Earlier this month, Egypt’s top court ruled that the Islamist-dominated parliament must be dissolved because a third of its members had been elected illegally.
The Obama administration is still counting on the Egyptian military to secure U.S. interests, said Michele Dunne, director of the Atlantic Council’s Rafik Hariri Center for the Middle East.
“I think there should be a recalibration of the relationship, but I am not sure that the U.S. administration is really embarked on changing the relationship,” Ms. Dunne said.
Mubarak, who ruled Egypt for three decades, was a reliable U.S. ally in the Middle East, maintaining a peace agreement with Israel and strengthening a military-to-military relationship with the United States.

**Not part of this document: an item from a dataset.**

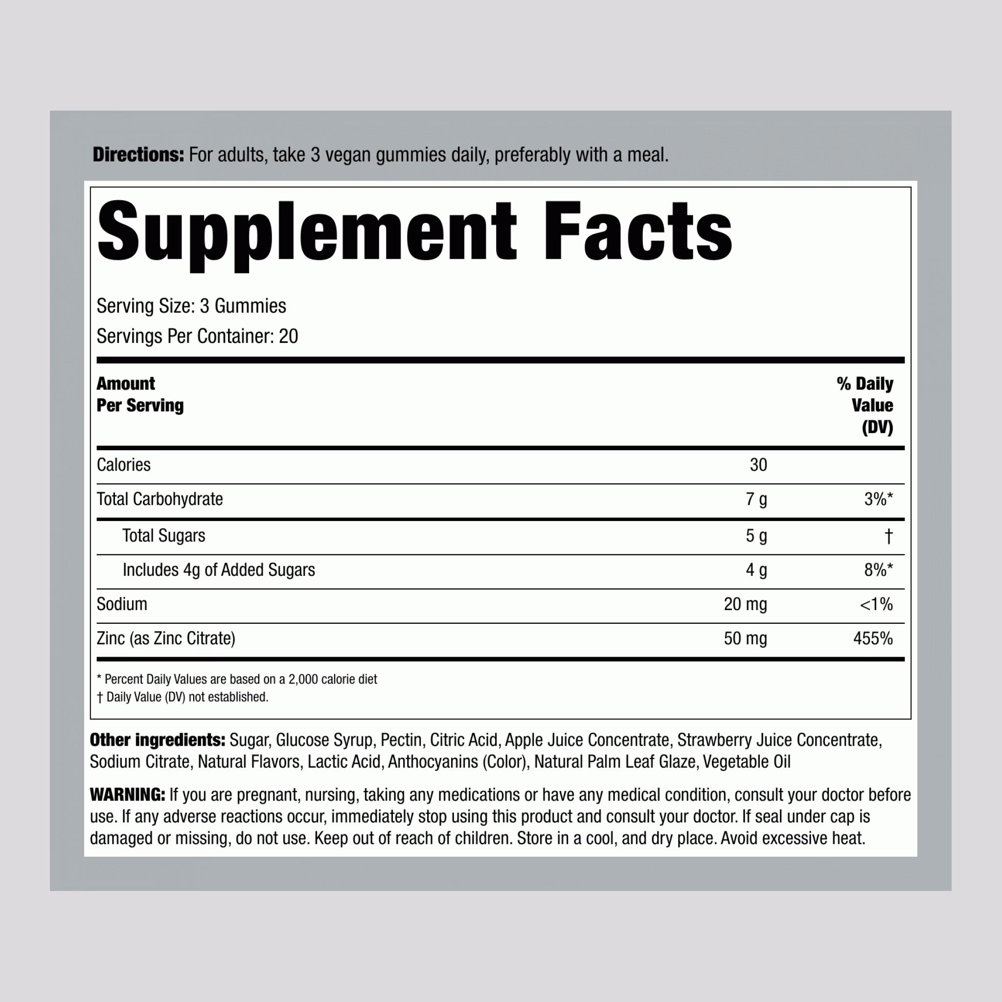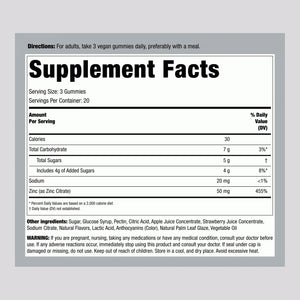 Piping Rock’s Extra Strength Zinc Gummy Supplement is the satisfying way to receive your daily zinc from mixed berry flavor gummies, with no metallic aftertaste! Our gummies are specially crafted with pectin, making them not only tasty but also vegan-friendly. They’re Gluten Free, non-GMO, and contain no artificial colors or artificial sweeteners. You deserve honest nutrition, which is why we’ll never compromise on quality.

With Mr. Morsi at the helm, “Egypt will be a far less reliable partner and a frequent source of headaches,” Mr. Trager said.
The U.S.-Egyptian relationship will be more complex for the simple reason that the administration in Washington is no longer dealing with one man in Cairo, said Khairi Abaza, a senior fellow at the Foundation for Defense of Democracies in Washington.
“The U.S. will have to nurture relations with various political actors and negotiate its interests,” he said. “The relationship might become a little more complex, but it can become a much healthier one.”
Foreign policy vs. economic policy
The Morsi administration’s commitment to the 1979 Egyptian-Israeli peace treaty is the biggest unknown in the new relationship.
Mubarak received $1.3 billion in U.S. aid annually for keeping the peace with Israel. Brotherhood leaders have said they want to amend the treaty.
“Morsi will be looking for a more robust economic relationship, and perhaps a relationship that contains more strategic dialogue on economic as well as political issues, and less a relationship that is simply delivery of a lot of military aid in exchange for a certain set of military and security cooperation,” Ms. Dunne said.
Mr. Morsi, in his first televised speech as president-elect, sought to allay concerns in the U.S. and Israel by declaring his intention to preserve all of Egypt’s international accords.
Secretary of State Hillary Rodham Clinton this week described such statements as positive, but added, “We’ll have to wait and judge by what is actually done.”
Some analysts view the president-elect’s comments with skepticism.
“The U.S. is not as certain as it was in the case of Mubarak that the Muslim Brotherhood will respect the peace treaty,” Ms. Ottaway said.
Mr. Trager said: “Morsi has said that he will abide by all agreements, but has frequently carved out exceptions for popular will and strategic priorities, and the consensus in Egypt is that peace with Israel is not a strategic priority.”
Peace with Israel hinges on stability in the Sinai Peninsula, where a flare-up could set the region ablaze.
The Brotherhood’s support for closer ties with Iran also has set off alarm bells in Washington.
Mr. Morsi, however, is unlikely to come to office with a big foreign policy agenda, largely out of necessity, analysts say.
One of his biggest challenges will be to put the country’s economy back on track.
Egypt’s tourism industry, its main source of income, has been ravaged since the start of the anti-Mubarak uprising in January 2011.
These harsh economic realities likely will force the Brotherhood to moderate its foreign policy agenda.
“The Brotherhood is going to cultivate the support of the United States and Europe because they need foreign investment and improved trade arrangements,” Ms. Dunne said.
Mr. Abaza agreed.
“Egypt needs the U.S. for the sake of its economy and for Washington’s support in financial institutions such as the World Bank and the [International Monetary Fund],” he said.